Import Layout for the return annotation.

Line 334 still references Layout without bringing it into the module namespace, so Ruff keeps reporting F821 here. A TYPE_CHECKING import is enough if you want to avoid a runtime import.
🤖 Prompt for AI Agents
Verify each finding against the current code and only fix it if needed.

In `@tilelang/language/gemm_op.py` around lines 330 - 334, The function
make_blockscaled_gemm_layout uses the return annotation "Layout" but Layout is
not imported, causing F821; add an import for Layout into this module
(preferably inside an if TYPE_CHECKING: block) so the name is available for type
checking without a runtime dependency; reference the Layout symbol and the
make_blockscaled_gemm_layout function when adding the import.
295-302: ⚠️ Potential issue | 🟠 Major

Reject mixed FP8 operand formats here instead of mirroring A onto B.

b_dtype=a_dtype still silently encodes B as whatever A uses.

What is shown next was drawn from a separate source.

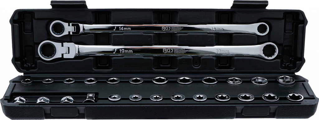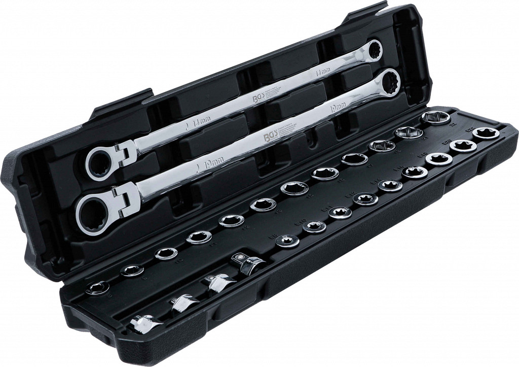 Združuje visoko natančnost in prilagodljivost v enem samem orodjukompaktna sestava12-točkovni izhodni profil vrtljivega ključa z zaskočno glavo je zasnovan za popoln prenos navora na glavi vijakaizjemno dolga ravna zasnova, za največji prenos moči, fino zobat s 72 zobilnim zaskočnim mehanizmom z zaskočnim kotom 5 ° z gladkimi, kromiranimi površinskimi vtičnicami, šesterokotni za fleksibilno privijanje matic na vijake in navojne paliceza prilagodljive možnosti uporabeza prilagodljiv komplet adapterjev za Ključi z zaskočnimi ključi s hitrim sprostitvijo lahko nadomestijo 3 ročaje, če se uporabljajo z zaskočnimi ključi. 1 dvojni obročni ključ in ključ z vrtljivo glavo | zelo dolg | 14 mm | 355 mm1 dvojni obročni ključ z vrtljivo glavo | zelo dolg | 19 mm | 395 mm1 prehodni vtični vložek, šesterokotnik | 8 mm1 prehodni vtični vložek, šesterokotnik | 9 mm1 prehodni vtični vložek, šesterokotnik | 10 mm1 prehodni vtični vložek, šesterokotnik | 11 mm1 vtičnica, šesterokotnik | 12 mm1 prehodni vtični vložek, šesterokotnik | 13 mm1 prehodni vtični vložek, šesterokotnik | 15 mm1 prehodni vtični vložek, šesterokotnik | 16 mm1 prehodni vtični vložek, šesterokotnik | 17 mm1 vtičnica, šesterokotna | 18 mm1 prehodni vtični vložek, šesterokotnik | 21 mm1 vtičnica, šesterokotna | 22 mm1 prehodni vtični vložek, E-tip | E81 vtičnica, tip E | E101 vtičnica, E-tip | E111 vtičnica, E-tip | E121 vtičnica, E-tip | E141 vtičnica, tip E | E161 vtični vložek, E-tip | E181 vtičnica, E-tip | E201 vtičnica, tip E | E221 adapter z zunanjim kvadratnim 6,3 mm (1/4") za obročkasti ključ 19 mm1 adapter z zunanjim kvadratom 10 mm (3/8") za obročkasti ključ 19 mm1 adapter z zunanjim kvadratom 12,5 mm (1/2") za obročkasti ključ 19 mm1 bitni adapter z notranjim šesterokotnikom 6,3 mm (1/4") za obročkasti ključ 19 mm

A mixed E4M3/E5M2 call will build the wrong block-scaled descriptor instead of failing fast.
🤖 Prompt for AI Agents
Verify each finding against the current code and only fix it if needed.

In `@tilelang/language/gemm_op.py` around lines 295 - 302, Currently the code sets
b_dtype implicitly to a_dtype when creating TensorCoreIntrinEmitter; instead,
read B's actual dtype (use B_region.buffer.dtype) into b_dtype and add a
validation: if either a_dtype or b_dtype is an FP8 format (e.g., "e4m3" or
"e5m2") and a_dtype != b_dtype, raise an explicit error (ValueError/Assertion)
rejecting mixed FP8 operand formats; keep
TensorCoreIntrinEmitter(a_dtype=a_dtype, b_dtype=b_dtype,
accum_dtype=accum_dtype) after this check so mixed FP8s fail fast rather than
silently mirroring A onto B.
examples/gemm_sm100/gemm_mxfp8_blockscaled.py (1)
36-38: ⚠️ Potential issue | 🟠 Major

Make the example’s tile-size assumptions explicit.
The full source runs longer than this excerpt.